Auch ist der Einbau der „Intelligenten Messsysteme“ nur für Haushalte mit einem Verbrauch von über 6000 Kilowattstunden pro Jahr und für Betreiber von Strom erzeugenden Anlagen – wie Photovoltaik mit einer Nennleistung von mehr als sieben Kilowatt – vorgesehen.

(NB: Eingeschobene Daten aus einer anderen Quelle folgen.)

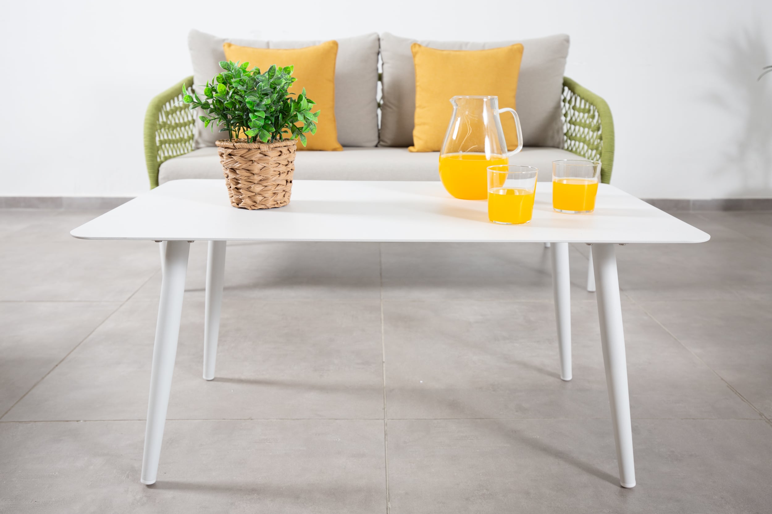 • השולחן עשוי אלומיניום אל חלד בצבע לבן מט, בעלת עיצוב נקי ואלגנטי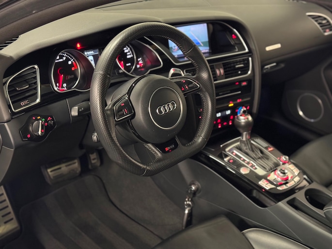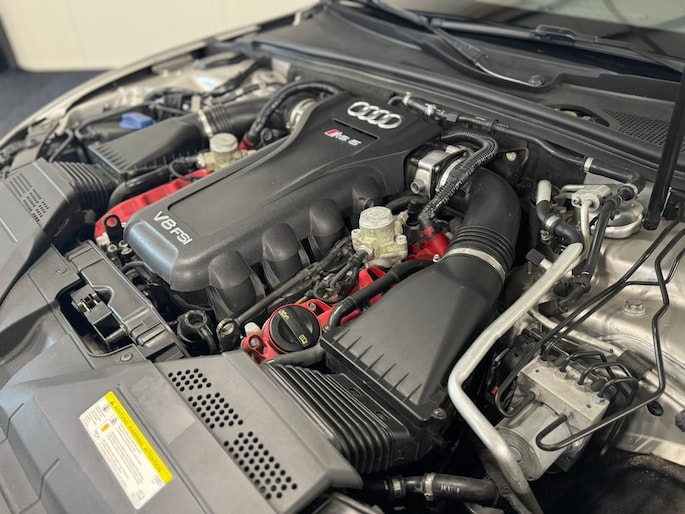 Deze Audi RS5 uit 2014 is niet zomaar een sportcoupé , dit is een eerbetoon aan echte autoliefhebbers. Onder de motorkap ligt het befaamde 4.2 FSI V8-motorblok dat met zijn 450 pk en brute sound een uitstervend ras vertegenwoordigt. Deze motor wordt niet meer geproduceerd, wat deze RS5 tot een zeldzame en gewilde machine maakt.

Nun werden „Moderne Messsysteme“ als Ersatz für die mechanischen, schwarzen Stromzähler – im Auftrag der jeweiligen Messstellenbetreiber – in Privathaushalte eingebaut.

Im Tegernseer Tal (Landkreis Miesbach) beispielsweise, ist der verantwortliche Messstellenbetreiber das Elektrizitätswerk Tegernsee, welches auch gleichzeitig als Energielieferant für das Tegernseer Tal – von Moosrain bis nach Kreuth, fungiert. Da es nun auf das allgemeine Zählerauswechseln zugeht und sich zum Thema „Zählerwechsel“ eigentlich niemand so recht auskennt – noch die Unterschiede der „Digitalen Zähler“ kennt, hat der stellvertretende Werkleiter und Technischer Leiter des E-Werks Tegernsee, Dipl.-Ing. Frank Thinnes, die „kleinen Unterschiede“ erklärt.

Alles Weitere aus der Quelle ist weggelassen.